Data entries:

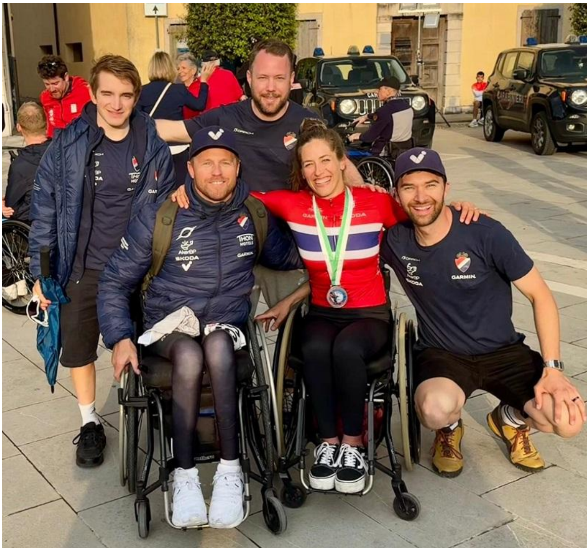
Landslag og støtteapparat i Parasykling

Leder for Parasykling og Banestrategi – Head of Paracycling and Track Strategy
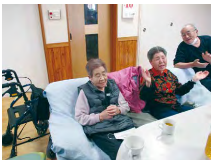
☺民謡いいね♪みんなで歌うか☺
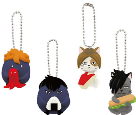
C賞:フィギュアセット (全 1 種 / 約 4~4.5cm)
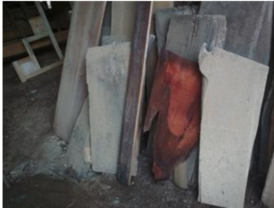
Gambar 2. Pemilihan Kayu

Proses pemilihan kayu yang masih bisa digunakan dari beberapa potongan kayu yang mungkin sudah tidak dipakai lagi.

(WHAT YOU SHOULD DO):
Show all lines from the data that contain "Parasykling".

(SOLUTION FOR THIS PROBLEM):
Landslag og støtteapparat i Parasykling
Leder for Parasykling og Banestrategi – Head of Paracycling and Track Strategy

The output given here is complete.